Verena paused for a moment, and I could see she was close to tears. She rubbed her eyes, ran both hands through her hair, and shook her head, as if to clear it. Last Friday, she said, she and Marco had been in the grocery store on Ritterstrasse, and two women there had obviously noticed Marco, because a few minutes later she had found herself behind them on the street and heard one say that “they’d better get around to him before he gets much older.”

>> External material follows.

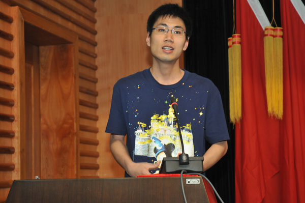 学科竞赛指导教师和获奖学生代表分别作了发言,从教师和学生角度谈了对于科技创新活动的认识、体会、理解和经验,并号召更多老师和学生积极参与进来,为开创我校大学生科技创新活动的新局面而努力。

Marco did look old for his age, I thought.
“And of course I don’t know whether they were just being, you know, the way some people are or whether they actually know something. I started thinking there might have been something in the papers that I missed, an announcement that the program they ran in Bonn and Cologne was about to be introduced here.”
“I haven’t seen anything,” I said. There might have been something in the Nazi rag that Ruchay reads, but if so, he kept it under his hat.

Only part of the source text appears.